I'd like to write a program to download some complete genome fasta files of a list of species from NCBI. However, when I use BioPython, I can not get the result I want.
from Bio import Entrez
Entrez.email = "thustar@mlp.edu"
search_term = 'Acidaminococcus sp. D21'
handle = Entrez.esearch(db='nucleotide', term=search_term)
record = Entrez.read(handle)
ids = record['IdList']
ids will return lots of numbers and some of ids are not fasta files. Is there a better method to fetch exactly a file contain all contigs in a certain genome or at least automatically remove those ids whose corresponding files are not sequence files?
Thanks
Unfortunately, after I change search_term to "Acidaminococcus sp. D21[orgn] AND complete genome", I got ids = ['224815814', '224815813', '224815811', '224815805', '224815803']. The lengths of the fasta file fetched are 118 645 690 1817 3389
There must be something wrong because the length of reference genome is several million bases.
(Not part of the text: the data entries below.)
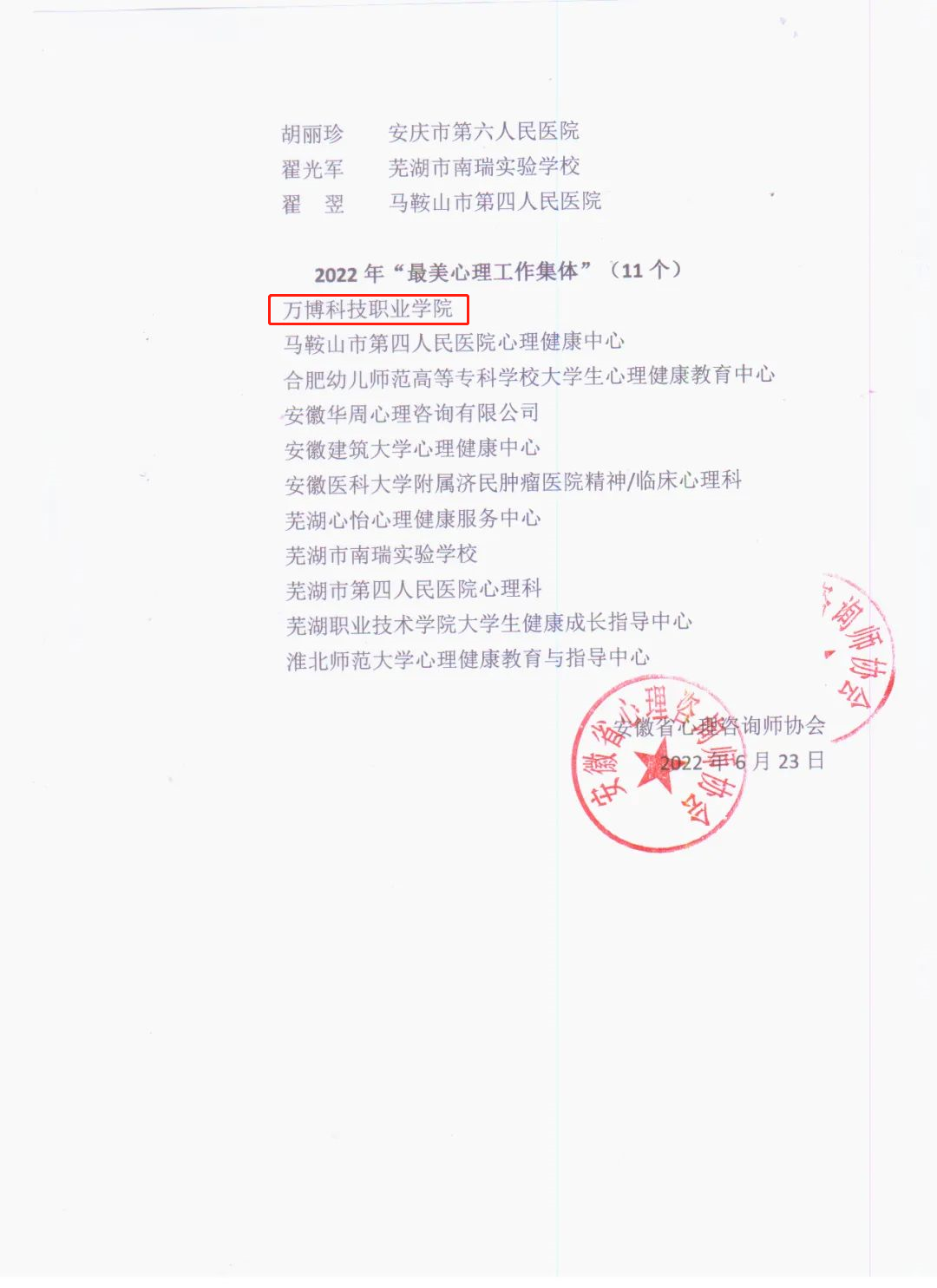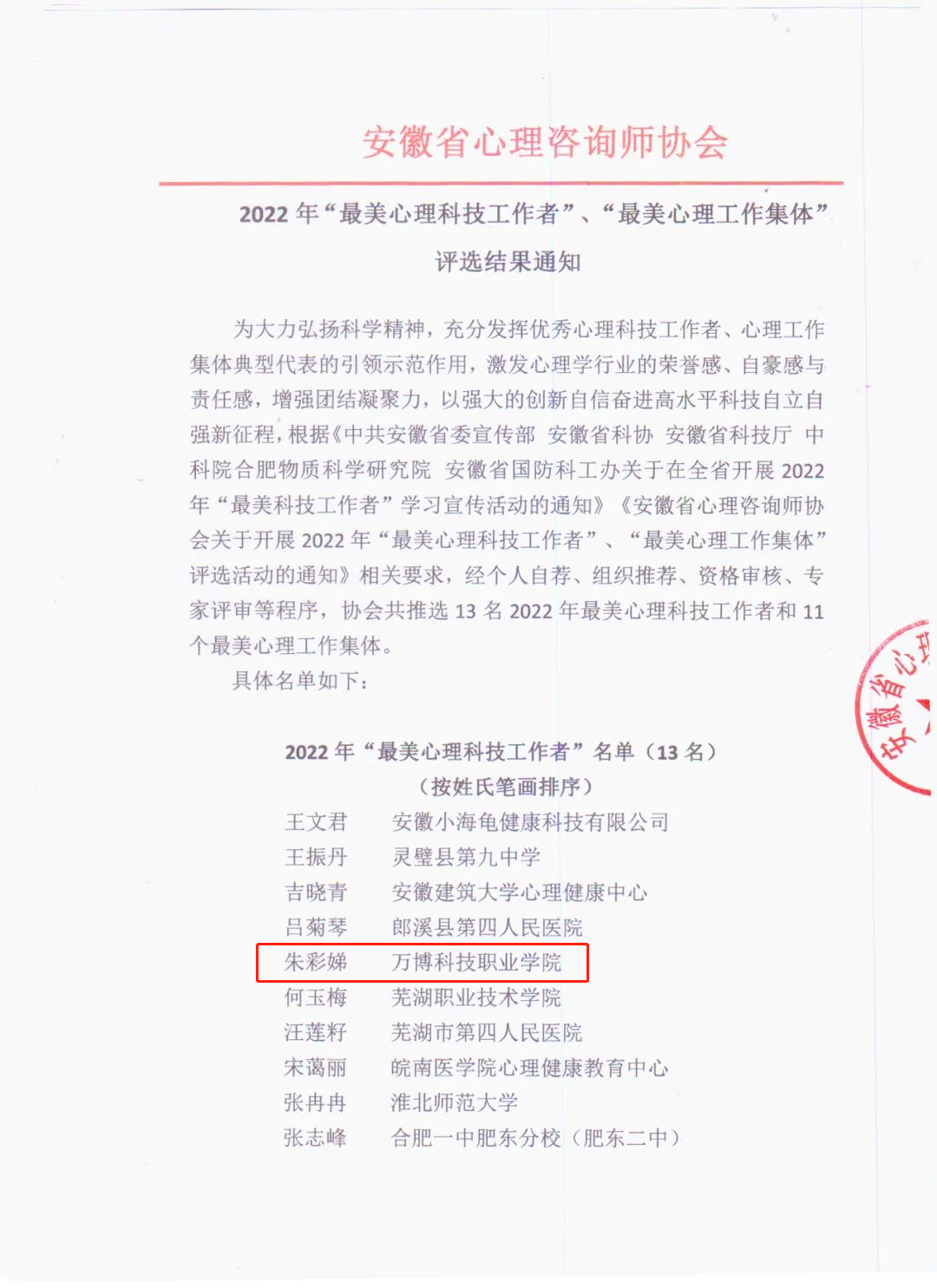 6月24日,经过层层选拔,BEAT365最终荣获2022年安徽省“最美心理工作集体”,朱彩娣老师荣获2022年安徽省“最美心理科技工作者”。
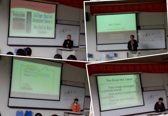 重庆市高校第七届英语研究生教学技能大赛太阳成集团tyc122ccvip赛区初赛于二零一四年三月二十四日在我校培英楼大一教室落下帷幕。此次比赛由太阳成集团tyc122ccvip主办,太阳成集团tyc122ccvip研究生部外语教学与研究协会承办。初赛由选手自由选取全新版大学英语综合教程3册或4册(上海外语教育出版社),或者任何一本正规大学公外英语教材中的一课教学内容,依照教学设计采取说课的形式进行,各选手的比赛时间为五至十分钟。
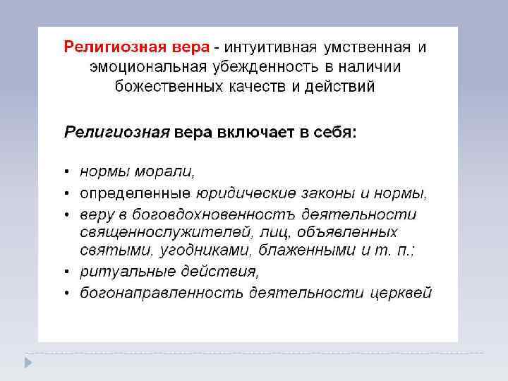 Вера выражает специфическое отношение к действительности или воображаемым объектам, явлениям, когда их достоверность и истинность принимаются без доказательств. Религия — это не только комплекс представлений, верований, доктрин, но и культ (от лат. cultus — возделывание, уход, почитание, поклонение), ритуалы и иные формы практического воплощения веры.
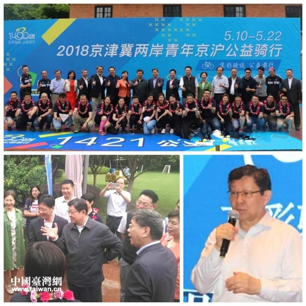 中國臺灣網5月25日上海訊 5月22日上午,“京彩騎跡·公益前行”——2018京津冀兩岸青年京滬公益騎行活動在上海世博園圓滿收官。原海協會會長陳德銘、上海市臺辦主任李文輝、北京市臺辦副主任于鳳英、上海市臺辦副巡視員李偉、上海市臺協會長李政宏、北京市臺協會長章啟正等出席儀式。
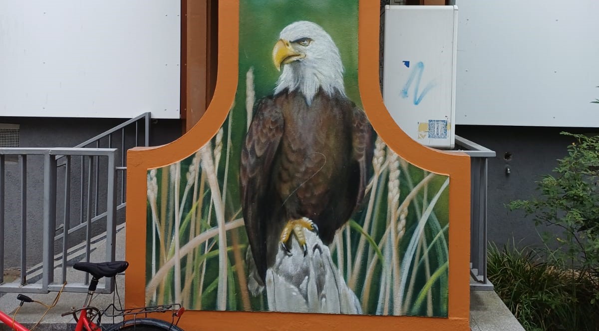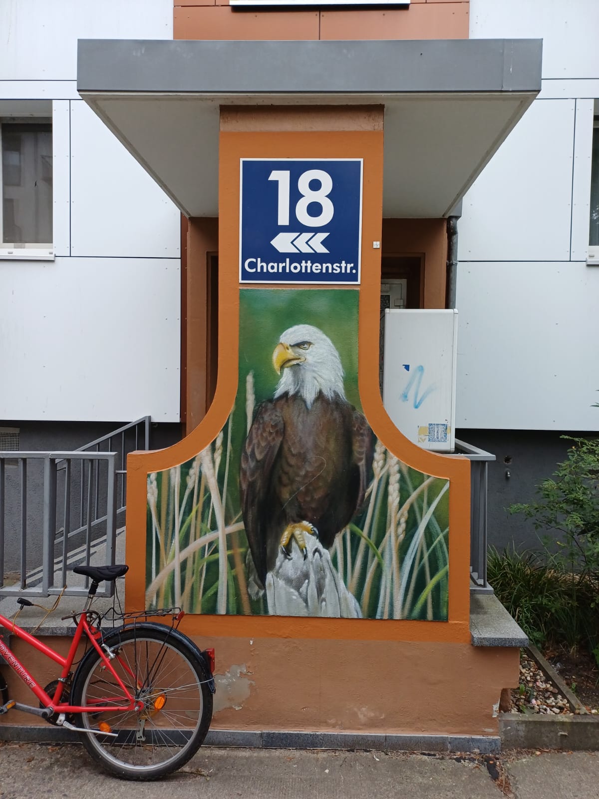 This artwork is part of a series of animals created by DAVID GIERSCH with his art agency TRUE COLOR ARTS on the houses on Charlottenstrasse from numbers 2 to 20. Check out as well the Squirrel at number 2, the Hedgehog at number 4, the Swan at number 6, the Badger at numer 8, the Woodpecker at numer 10, the Deer at numer 12, the Owl at number 14, the Rabbit at numer 16 and the Fox at number 20.
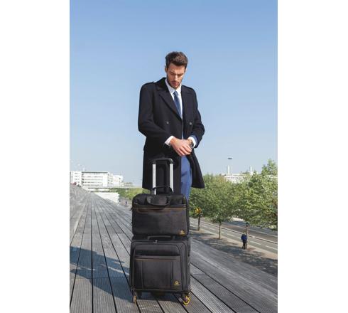 Dankzij een lus aan de achterkant kan de tas langs een telescopisch kofferhandvat worden geschoven.
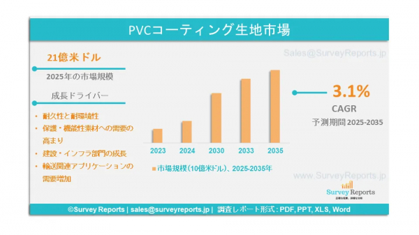 詳細レポートへのアクセスはこちら:https://www.surveyreports.jp/industry-analysis/pvc-coated-fabrics-market/1036042
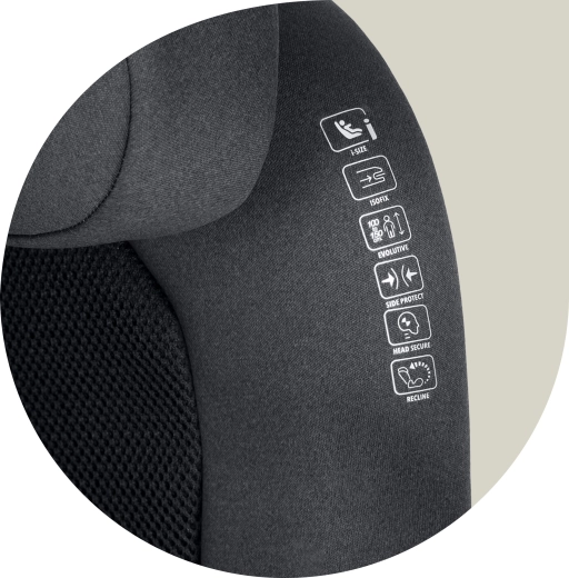Szybki i zawsze prawidłowy montaż dzięki ISOFIX. Spełnia rygorystyczną normę ECE R129 (i-Size) dla dzieci o wzroście 100–150 cm.

The codes of fetching procejure are these: for i in xrange(len(ids)): handle = Entrez.efetch(db="nucleotide", id=ids[i], rettype="fasta", retmode="text") record = handle.read() print len(record)
Any further information?
You have quoted the search term in the wrong way. Please try:
https://www.ncbi.nlm.nih.gov/nuccore/?term=%22Acidaminococcus%20sp.%20D21%22%5BOrganism%5D%20AND%20(complete%5BProperties%5D%20or%20%22wgs%20master%22%5BProperties%5D)
This will show you that there is currently no complete genome available for "Acidaminococcus sp. D21", but one WGS set.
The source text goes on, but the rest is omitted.